Re: How to scale MySQL Cluster to support PB storage
Posted by: Rick James
Date: January 16, 2009 12:03AM
PB = Petabyte = 10**15 bytes, right?
Give up on cluster. Plan on manually sharding. That is split the database on some key and spread the connections across multiple machines. You will need two layers of machines:
* client layer (apache?) talking to the users
* database layer
Ok, each shard could be a cluster. But ignoring that for the moment...
If you are going to have 1M+ _simultaneous_ connections you may need 1000 db machines, each with 1000 connections. You may need 10K front end machines. Then you are talking about a zillion TCP connections; this could stress the network.
If you are talking about only hundreds of simultaneous connections, then a few dozen front ends plus a few thousand db machines should work.
Now you are talking about lots of things that can fail. So, you need failover procedures. One way is to have dual-master setups for each shard. This way if (or rather, when) a master fails, you can move to the other master for that piece.

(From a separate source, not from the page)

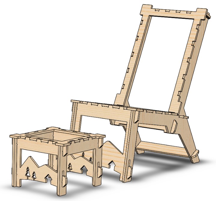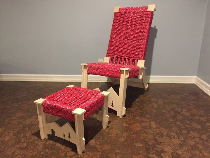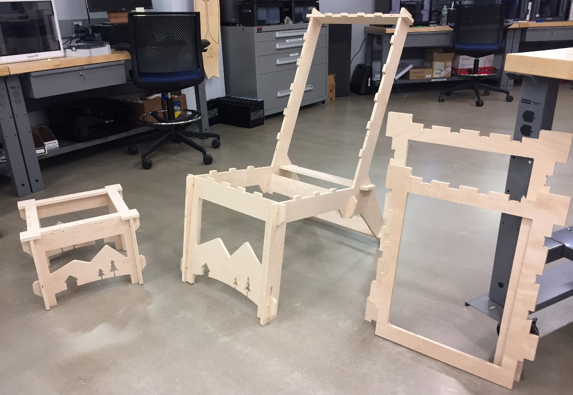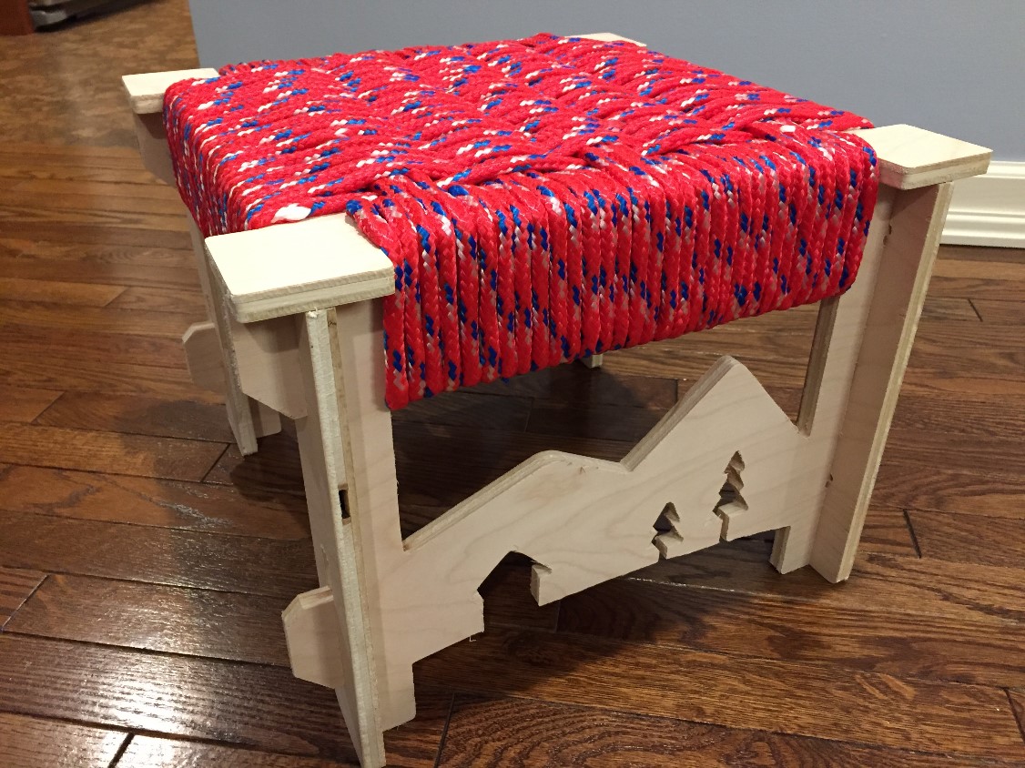 I've been looking forward to this week since the class started! My wife has been asking me to make her a stool that she could keep at her desk so visitors have somewhere to sit when they come by. I started designing the stool, but wanted to do even more, so I designed a chair as well. My goals were to incorporate a woven element into each design and to size them such that both would fit on a single sheet of plywood.

How fast is the data coming in?
BTW, there is an astronomy group working on a 15PB database, but they plan on designing and building it out over a 10-year period. (Each photo is a few GB.) How soon do you need yours up?
Is this standard "data warehousing"? That is, "fact" table, plus normalization tables hanging off it.
Have you designed you summary tables? To do a table scan of 1PB (if you could put it on one machine) would take years.
In sharding, you need to plan for migrating data. This gets tricky, especially if you don't want any down time.
Compress the data wherever possible!
Give me more details, I'll give you more advice.